Word Work: suffix -tion, -sion, -ation
- Have students find the word direction on page 9. Ask them to tell you what the root part of the word is. Write both direct and direction on the board.
- Remind students that the suffix -tion carries the meaning of act or process.
- Explain that often the spelling of the base, or root, word needs to change in order to add the suffix. Have students find the word decision on page 10. Write the word and its root on the board. Point out that the word decide, ends with a final e. Explain that the letters de have been replaced by the suffix -sion.
- Have students find the word information on page 12. Ask them to tell you the root of the word. Write both inform and -ation on the board. Point out that the ending -ation was added in this case.

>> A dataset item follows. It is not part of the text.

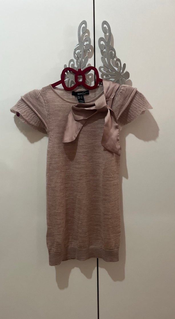 Kısa kollu, kruvaze yaka ve fitted kesime sahip bej triko bluz, süslü fiyonk detayı ile trendy sokak stiline uygun.

- Give students the worksheet and have them create new words using the correct spelling of the suffix. Then have them select 4 of the words and use them in a sentence.
Build Fluency
Independent Reading
- Allow students to read their books independently or with a partner. Partners can take turns reading parts of the book.
Home Connection
- Give students their books to take home to read with parents, caregivers, siblings, or friends.
Expand the Reading
Writing Connection
- Have students imagine they are going skydiving or hang gliding. Have them write a first-person point of view story about how they are feeling about an upcoming jump. Tell them to include details such as where, when, and why they are making the jump. Tell them to title their stories and edit them before sharing with the group.
Math Connection
- Have students look on page 10 to find the approximate cost of hang gliding, and on page 15 to find the approximate cost of skydiving. Have them brainstorm activities they could do to raise money to do the sport of their choice. Have them figure out how many times they would have to perform the chore, such as babysitting or car washing, to make the money to do it.
Assessment
Monitor students to determine if they can:
- make logical predictions based on available text information; revise and/or confirm predictions as they preview and/or read the book
- identify appropriate facts about wind sports and record them on the graphic organizer; use the information on the graphic organizer to make accurate oral statements comparing and contrasting the sports
- consistently identify sentence fragments and rewrite them as complete sentences.
- recognize the suffix -ion (and its variant spellings) and the roots of words from the worksheet; add the suffix to root words, spelling them correctly.